還有兩個月就要年底考核,梁清遠故意把時間提前一個月,為的就是有充足的時間迎接考核。
梁清遠接著提醒:“整個過程我不會管不會問,但是有個前提,不能動槍。”
方正問:“如果別人動槍呢?”
“誰敢動槍我就打誰。”
“你放心,事成之後,我們就是朋友,朋友之間沒有從屬關係,只有互幫互助。”
方正思考片刻,道:“我還有一個條件,事成之後我要方平升副處。”
梁清遠露出為難的神色,“我這邊肯定沒問題,不過治安署是雙重管理機構,這件事還得省署點頭才行。”
方正胸有成竹:“省署應該沒問題。”
梁清遠微微詫異,笑道:“那就沒問題了。

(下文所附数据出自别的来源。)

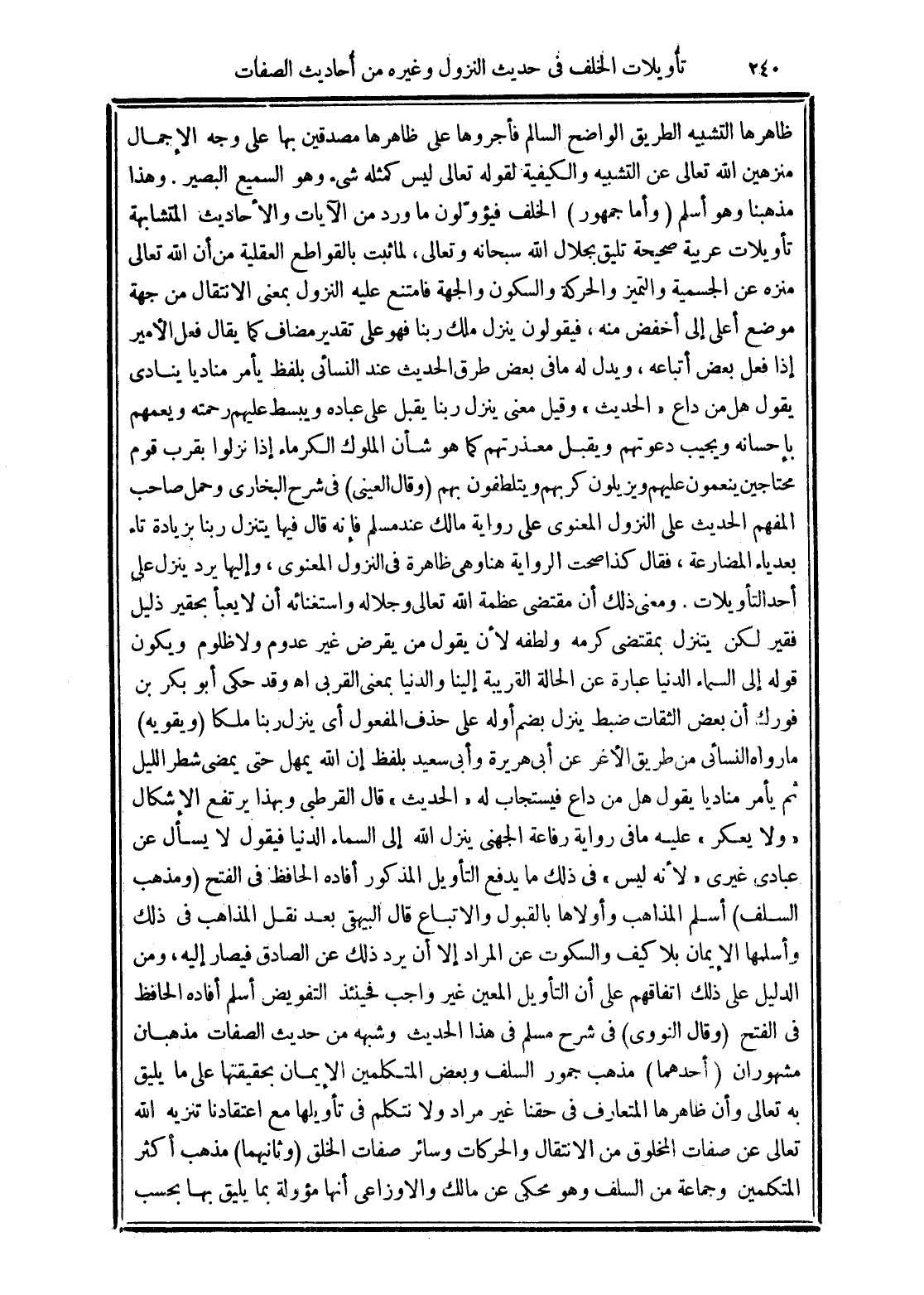 (وأما جمهور) الخلف فيؤوّلون ما ورد من الآيات والأحاديث المتشابهة تأويلات عربية صحيحة تليق بجلال الله سبحانه وتعالى، لما ثبت بالقواطع العقلية من أن الله تعالى منزه عن الجسمية والتميز والحركة والسكون والجهة فامتنع عليه النزول بمعنى الانتقال من جهة موضع أعلى إلى أخفض منه، فيقولون ينزل ملك ربنا فهو على تقدير مضاف كما يقال فعل الأمير إذا فعل بعض أتباعه، ويدل له ما في بعض طرق الحديث عند النسائي بلفظ يأمر مناديًا ينادي يقول هل من داع "الحديث" وقيل معنى ينزل ربنا يقبل على عبادة ويبسط عليهم رحمته ويعمهم بإحسانه ويجيب دعوتهم ويقبل معذرتهم كما هو شأن الملوك الكرماء إذا نزلوا بقرب قوم محتاجين ينعمون عليهم ويزيلون كربهم ويتلطفون بهم
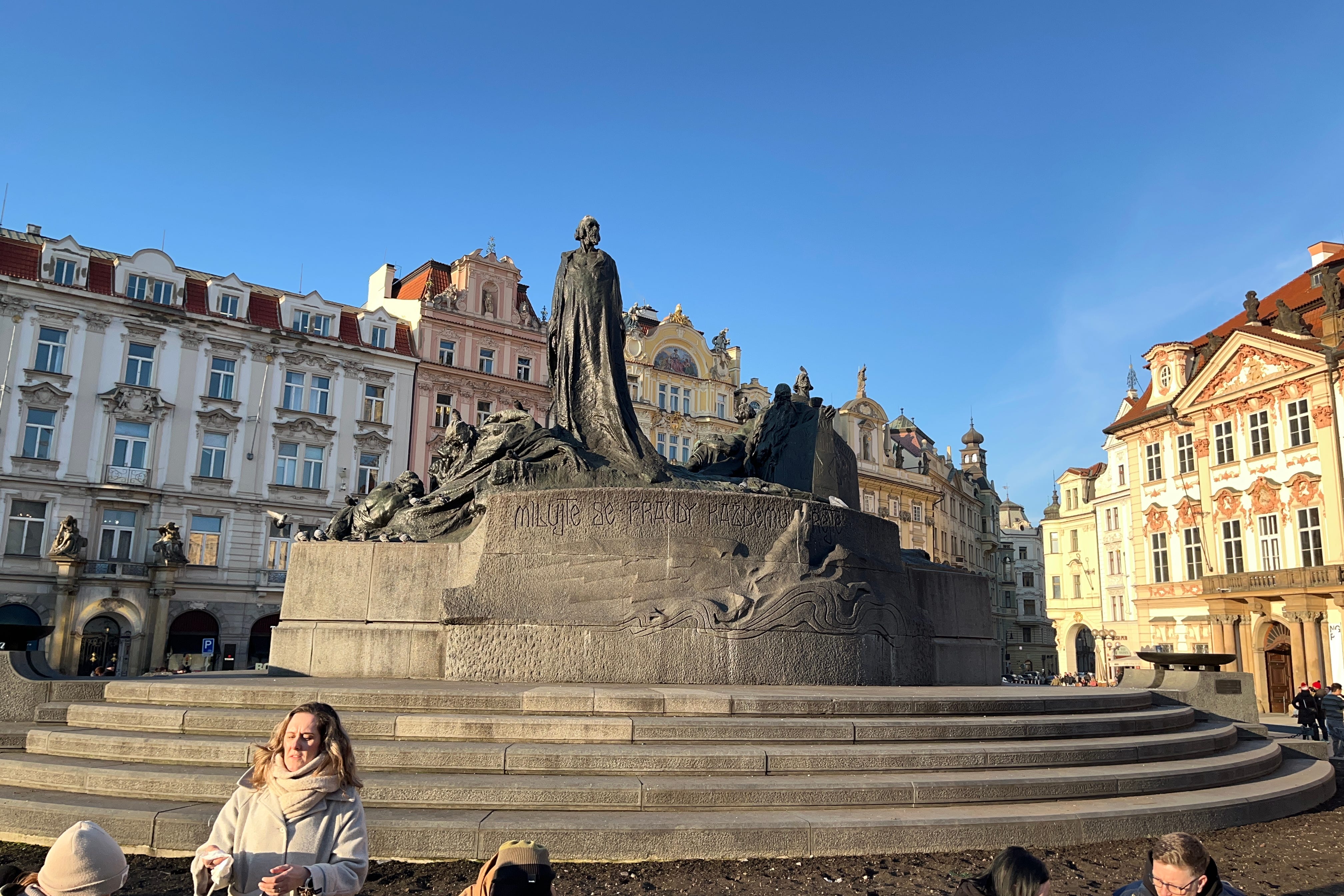 Photos from top: St. Vitus Cathedral and the castle across the Vltava River; statue of Jan Hus in Old Town Square; “Man Hanging Out,” a sculpture of Freud by celebrated Czech artist David Cerny; our meal at U Fleků a few minutes before the exchange with the Slovaks.

”
“合作愉快!”方正笑吟吟的伸出手。
“合作愉快!”梁清遠露出老狐狸般的微笑。
和梁清遠分開後,方正驅車趕往安保基地。
方正可以確定以及肯定,今晚的話梁清遠不止對自己一個人說過。
或許對劉啟強說過,或許對秦烈也說過。
他在四處押寶,不管誰贏,他都百利無一害。
這一個月,清河市必將腥風血雨,等到下個月就會天下太平。
這個結果很多人樂意看到。
安保基地,還是上次審訊黃豹的審訊室。
朱老六抬起一桶涼水澆到嚴禮明的頭上。
嚴禮明悠悠醒轉,看見一屋子面目猙獰的大漢,駭的臉色大變。
“你們要幹什麼,我是李伯達的秘書,我要是出了事,李市長肯定不會放過你們。”
朱老六獰笑:“死到臨頭還在惦記你秘書的身份呢!”
“抬過去。”方正朝大理石桌子指了指。
朱老六和雷鳴將嚴禮明架到方桌前,問道:
“老大,怎麼弄?”
“讓他咬著桌子角。”方正揮揮手。
嚴禮明不知道他們要幹什麼,連連搖頭,哭嚎道:“你們放了我吧,我再也不騷擾李芷筠了。”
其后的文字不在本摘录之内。